● REQUIRED ACTION: Output, without alteration, the first line of the entries and each line after it, stopping with the line that contains "области, на реабилитацию".

(RECORDS TO PROCESS)

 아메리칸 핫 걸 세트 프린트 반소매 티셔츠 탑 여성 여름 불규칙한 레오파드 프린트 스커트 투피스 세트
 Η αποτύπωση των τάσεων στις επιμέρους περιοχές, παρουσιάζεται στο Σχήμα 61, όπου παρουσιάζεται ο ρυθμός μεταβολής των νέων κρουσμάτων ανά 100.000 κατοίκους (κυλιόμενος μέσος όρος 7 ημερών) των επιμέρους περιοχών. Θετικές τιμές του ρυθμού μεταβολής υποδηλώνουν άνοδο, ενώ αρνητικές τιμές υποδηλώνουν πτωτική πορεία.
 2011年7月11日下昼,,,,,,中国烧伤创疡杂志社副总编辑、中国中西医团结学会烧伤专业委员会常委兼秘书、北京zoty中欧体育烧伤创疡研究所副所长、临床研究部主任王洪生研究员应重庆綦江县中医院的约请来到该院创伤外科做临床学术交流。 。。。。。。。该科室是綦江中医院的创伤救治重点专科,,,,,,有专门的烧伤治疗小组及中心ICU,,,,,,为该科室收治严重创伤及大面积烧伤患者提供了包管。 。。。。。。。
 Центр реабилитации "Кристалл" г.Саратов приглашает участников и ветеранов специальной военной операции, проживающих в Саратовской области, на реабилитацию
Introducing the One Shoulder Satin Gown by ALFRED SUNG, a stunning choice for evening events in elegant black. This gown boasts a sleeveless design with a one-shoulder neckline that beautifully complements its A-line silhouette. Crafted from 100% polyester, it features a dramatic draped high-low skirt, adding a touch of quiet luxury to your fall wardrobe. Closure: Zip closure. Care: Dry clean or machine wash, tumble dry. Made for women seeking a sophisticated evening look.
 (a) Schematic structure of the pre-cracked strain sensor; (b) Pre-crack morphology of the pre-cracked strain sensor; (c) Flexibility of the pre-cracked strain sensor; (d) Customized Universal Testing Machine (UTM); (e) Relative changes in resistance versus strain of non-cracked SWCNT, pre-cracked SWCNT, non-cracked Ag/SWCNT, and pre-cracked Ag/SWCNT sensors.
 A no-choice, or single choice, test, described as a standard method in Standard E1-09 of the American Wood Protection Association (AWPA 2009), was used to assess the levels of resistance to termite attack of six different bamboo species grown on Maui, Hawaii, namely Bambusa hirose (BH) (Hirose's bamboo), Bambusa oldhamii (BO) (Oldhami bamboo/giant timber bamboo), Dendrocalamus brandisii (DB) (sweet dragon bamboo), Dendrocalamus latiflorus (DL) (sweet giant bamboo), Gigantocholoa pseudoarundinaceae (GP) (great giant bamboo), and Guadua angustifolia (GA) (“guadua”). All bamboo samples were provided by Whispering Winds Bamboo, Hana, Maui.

(End RECORDS TO PROCESS)

● REPLY TO THE TASK:
 아메리칸 핫 걸 세트 프린트 반소매 티셔츠 탑 여성 여름 불규칙한 레오파드 프린트 스커트 투피스 세트
 Η αποτύπωση των τάσεων στις επιμέρους περιοχές, παρουσιάζεται στο Σχήμα 61, όπου παρουσιάζεται ο ρυθμός μεταβολής των νέων κρουσμάτων ανά 100.000 κατοίκους (κυλιόμενος μέσος όρος 7 ημερών) των επιμέρους περιοχών. Θετικές τιμές του ρυθμού μεταβολής υποδηλώνουν άνοδο, ενώ αρνητικές τιμές υποδηλώνουν πτωτική πορεία.
 2011年7月11日下昼,,,,,,中国烧伤创疡杂志社副总编辑、中国中西医团结学会烧伤专业委员会常委兼秘书、北京zoty中欧体育烧伤创疡研究所副所长、临床研究部主任王洪生研究员应重庆綦江县中医院的约请来到该院创伤外科做临床学术交流。 。。。。。。。该科室是綦江中医院的创伤救治重点专科,,,,,,有专门的烧伤治疗小组及中心ICU,,,,,,为该科室收治严重创伤及大面积烧伤患者提供了包管。 。。。。。。。
 Центр реабилитации "Кристалл" г.Саратов приглашает участников и ветеранов специальной военной операции, проживающих в Саратовской области, на реабилитацию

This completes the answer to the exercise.